Abstract

Identification of prognostic factors which may influence survival in patients with squamous cell carcinoma of the esophagus is critical for the selection of those patients who benefit from a surgical resection and the choice of the radicality of the procedure. We evaluated the tumor characteristics which independently influenced survival in 249 consecutive patients with squamous cell carcinoma of the esophagus who had undergone en bloc resection and 2-field lymphadenectomy.

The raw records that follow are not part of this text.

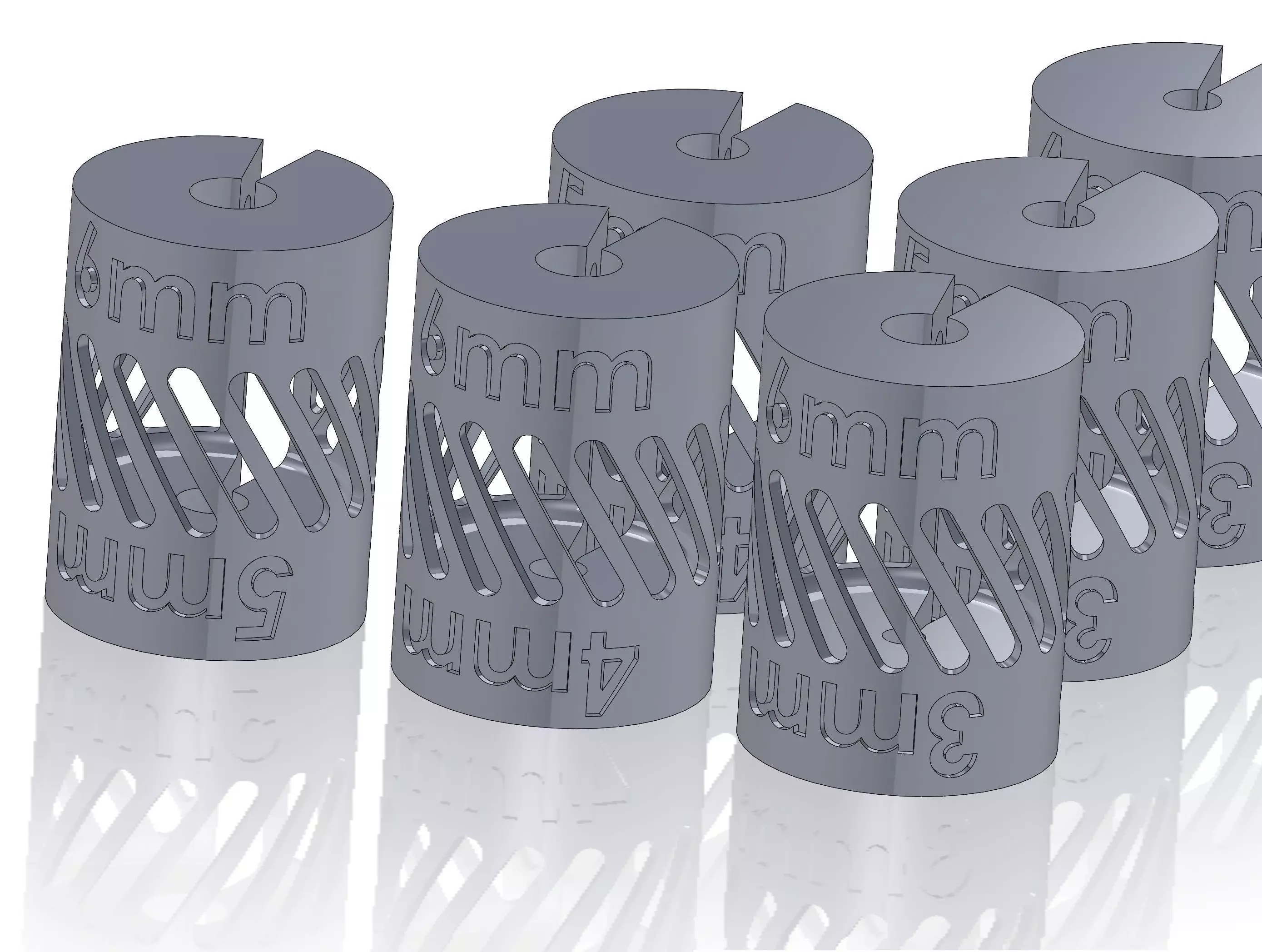 File: Shaft Couplings Reducers.STLName: Shaft Coupling - Metric - ReducersMaterial: 27 grams ( 0.06 lbs) Infill = 12%Size: 72.56 mm (2.857") x 75.56 mm (2.857") x 30 mm (1.181")Resolution: 0.20mmLayers: 156 layers Rafts: Yes Supports: NoPrint Time: 3 hr 29 minFunction: Prints a set of six couplings to connect 3mm, 4mm, 5mm, and 6mm shafts together in any combination required. Each couple requires two M3 x 12 screws and M3 nuts to squeeze each end of the coupling to its shaft. If you don't need all six, simply print the size you need. These couplings will take a surprising amount of axial misalignment inclduing offset and angular. Each end of the coupling has the size engraved into the surface.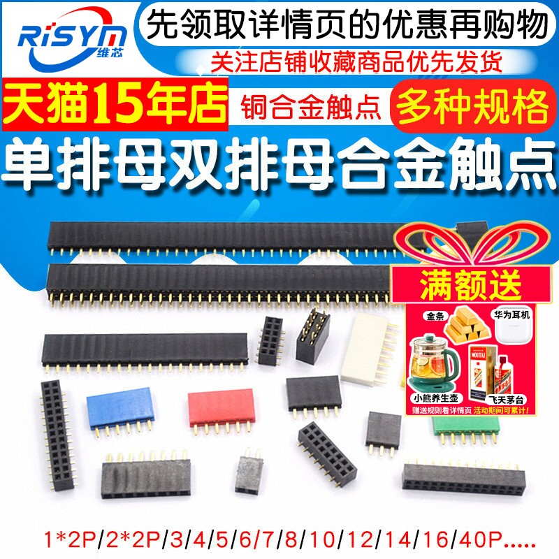 40P 双排母2.54mm单排母排针母座排座针插座插针2.0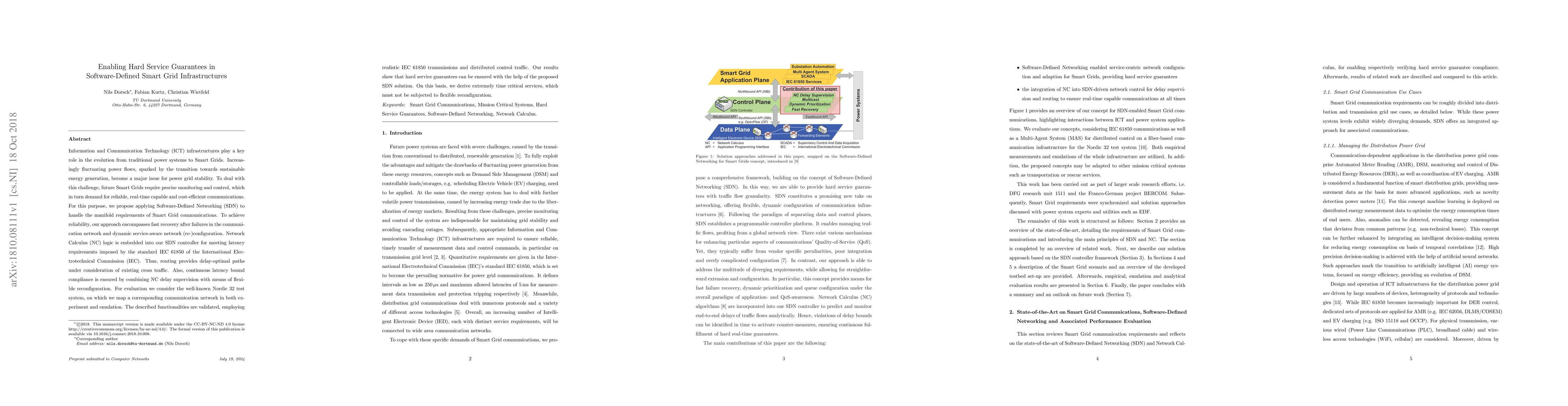 Information and Communication Technology (ICT) infrastructures play a key role in the evolution from traditional power systems to Smart Grids. Increasingly fluctuating power flows, sparked by the transition towards sustainable energy generation, become a major issue for power grid stability. To deal with this challenge, future Smart Grids require precise monitoring and control, which in turn demand for reliable, real-time capable and cost-efficient communications. For this purpose, we propose applying Software-Defined Networking (SDN) to handle the manifold requirements of Smart Grid communications. To achieve reliability, our approach encompasses fast recovery after failures in the communication network and dynamic service-aware network (re-)configuration. Network Calculus (NC) logic is embedded into our SDN controller for meeting latency requirements imposed by the standard IEC 61850 of the International Electrotechnical Committee (IEC). Thus, routing provides delay-optimal paths under consideration of existing cross traffic. Also, continuous latency bound compliance is ensured by combining NC delay supervision with means of flexible reconfiguration. For evaluation we consider the well-known Nordic 32 test system, on which we map a corresponding communication network in both experiment and emulation. The described functionalities are validated, employing realistic IEC 61850 transmissions and distributed control traffic. Our results show that hard service guarantees can be ensured with the help of the proposed SDN solution. On this basis, we derive extremely time critical services, which must not be subjected to flexible reconfiguration.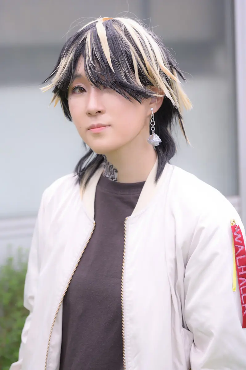 骨をイメージしたデザインの防具を製作しました。メイクやウィッグはまちなかにいそうな普通の青年感を出しました。使用カラコンはアシストシュシュツインループのジャズパープル。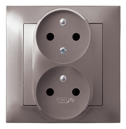 OSPEL IMPRESJA GP-2YC/23 Gniazdo podwójne z uziemieniem z funkcją niezamienności faz, kompletne z ramką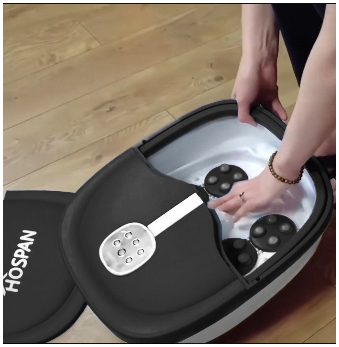 This foot bath is equipped with 6 groups of 3D Tai Chi massage balls which automatically massage the acupuncture points on the soles to relieve foot pressure and improve blood circulation.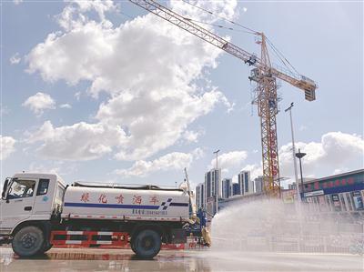水车正在进行喷淋。 李浩摄

Multivariate analysis in the entire patient population identified (1) the pT category, (2) the pN category, (3) more than 7 positive mediastinal lymph nodes, and (4) the presence of residual tumor after resection, i.e. a R1 or R2 resection, as the only independent factors influencing survival time. In a second multivariate analysis of 94 patients who survived the procedure for at least 30 days, who had a R0 resection, and who did not have preoperative neoadjuvant therapy, only the pN-category, the presence of more than 7 positive mediastinal lymph nodes, and the ratio between positive and removed mediastinal lymph nodes independently influenced survival. These data suggest that only a R0 resection, i.e. complete macroscopic and microscopic tumor removal, can increase survival in patients with squamous cell carcinoma of the esophagus. In patients with a limited number of positive mediastinal lymph nodes the prognosis may be improved by a 2-field lymphadenectomy, if the number of removed mediastinal lymph nodes exceeds the number of positive nodes by a factor of at least 5.